8.         Accordingly, it is simply wrong in law to suggest that the general costs provisions in civil litigation and or the regulated provisions apply to justices of the peace with respect to their indemnification for costs incurred in defending themselves in judicial misconduct under the Justices of the Peace Act.  One simply has to look at the multitude of cases where justices of the peace have consistently been indemnified for the costs associated with defending themselves – even where they are removed from office. 

                                                Re Blackburn 1994 (Hogan J.)
                                                Re Romain 2002 (Otter J.)
                                                Re Obakata 2003 (Mocha J.)
                                                Re Sinai 2008 (Carr J.)
                                                Re Quon 2007 (Di Filipis J.)
                                                Re Kowarsky 2012 ( Hawke J.)
                                                Re Massiah 2012 (Vailencourt J.)

9.         The following pronouncements by respected jurists make it abundantly clear that a finding of misconduct does not disqualify a justice of the peace from indemnification for the costs of defending judicial misconduct proceedings:

                         “Costs in the proceeding are not contingent on success”

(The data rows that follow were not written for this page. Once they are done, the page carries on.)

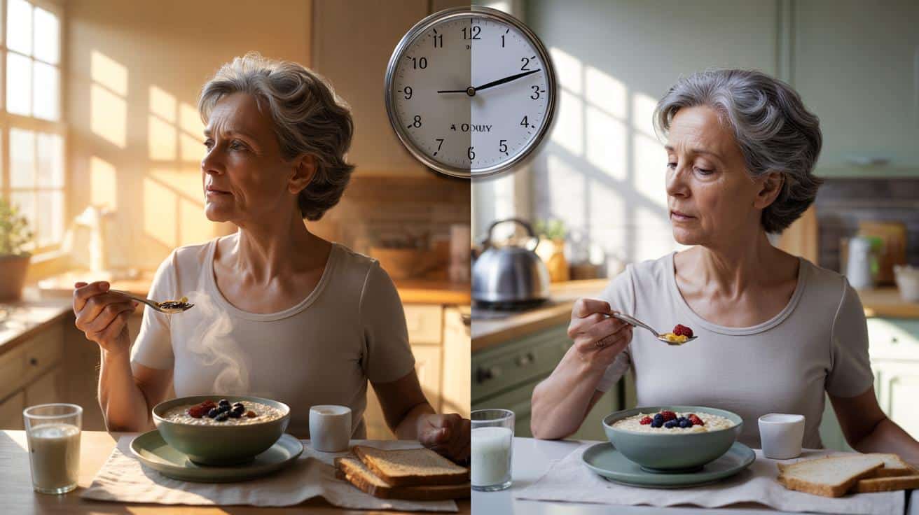 Nach der Menopause verändert sich die Hormonlage. Östrogen sinkt, Schlaf wird störanfälliger, Insulinsensitivität kann abnehmen. Viele Frauen wachen früher auf, essen aber später – etwa durch unregelmäßige Routinen oder einen gedämpften Morgenhunger. Dieses Auseinanderlaufen von Aufstehen und Frühstück vergrößert die Lücke zwischen Lichtuhr und Stoffwechseluhr. Ein früher, kleiner Bissen kann hier stabilisieren.
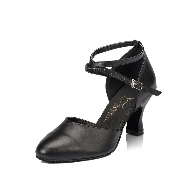 Damen Schwarz Echtleder 7cm Absätze Modern Mit Schnalle Gesellschaftstanzschuhe Moderne Tanzschuhe
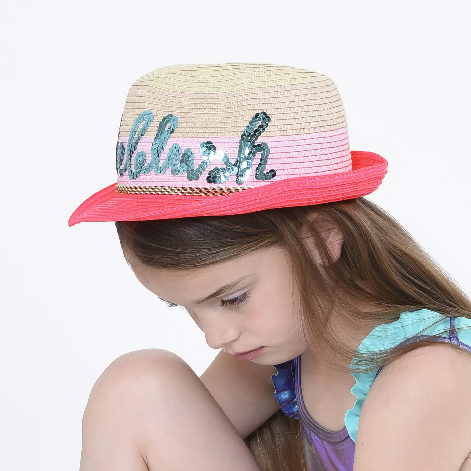 Beige and pale pink straw hat for girls by Billieblush. It has a bright neon pink brim, with a colourful rope band, and the brand’s name in eye-catching shiny blue sequins. This fun trilby style is trimmed with the brand’s signature striped tab, and has neon pink neck tape on the inside for added comfort.
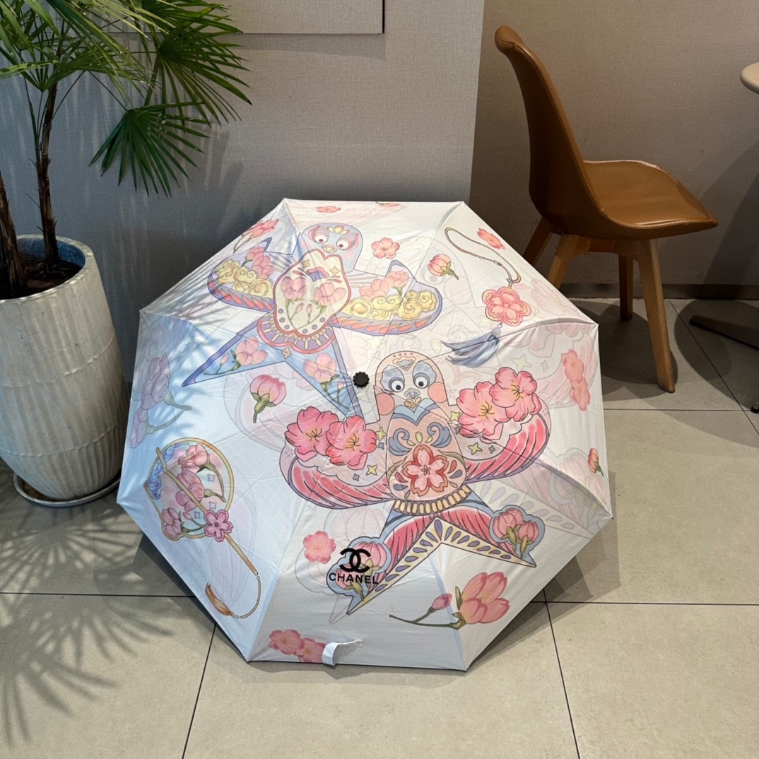 CHANEL (샤넬) 여름 신상품 우산 놀랍고 역동적인 새로운 코팅 기술 우산 천의 아름다운 컬러 인쇄가 우산면의 모든 곳에 퍼져있으며 모든 연령층에 어울리는 트렌디한 아이템 디테일을 확대하여 보여주는 공예

                                                Otter J. In Re Romain 2002

                         “It should be noted that there is no provision in the statute
                        which ties a recommendation as to costs with a recommendation
                        for removal.”  

                                                Hogan J. In Re Blackburn 1994   

13.       Accordingly, Re Foulds 2013 has no binding or persuasive authority on the issue of compensation.  Firstly, at para 50 the panel equates the compensation issue for justices of the peace with the professional disciplinary process.  This is clearly wrong.  Justices of the Peace are neither employees or professional liscense holders.  They are part of the judiciary.  Secondly, the panel comments that the “awarding of costs” in judicial misconduct proceedings lacks consistency but fails to articulate this point with any authorities.  In fact,  judicial officers are consistently compensated for the cost of their defence in judicial misconduct proceedings and it is in rare circumstances that they are not.  It will be instructive to analyze those rare circumstances where they are not in adjudicating this aspect of the case.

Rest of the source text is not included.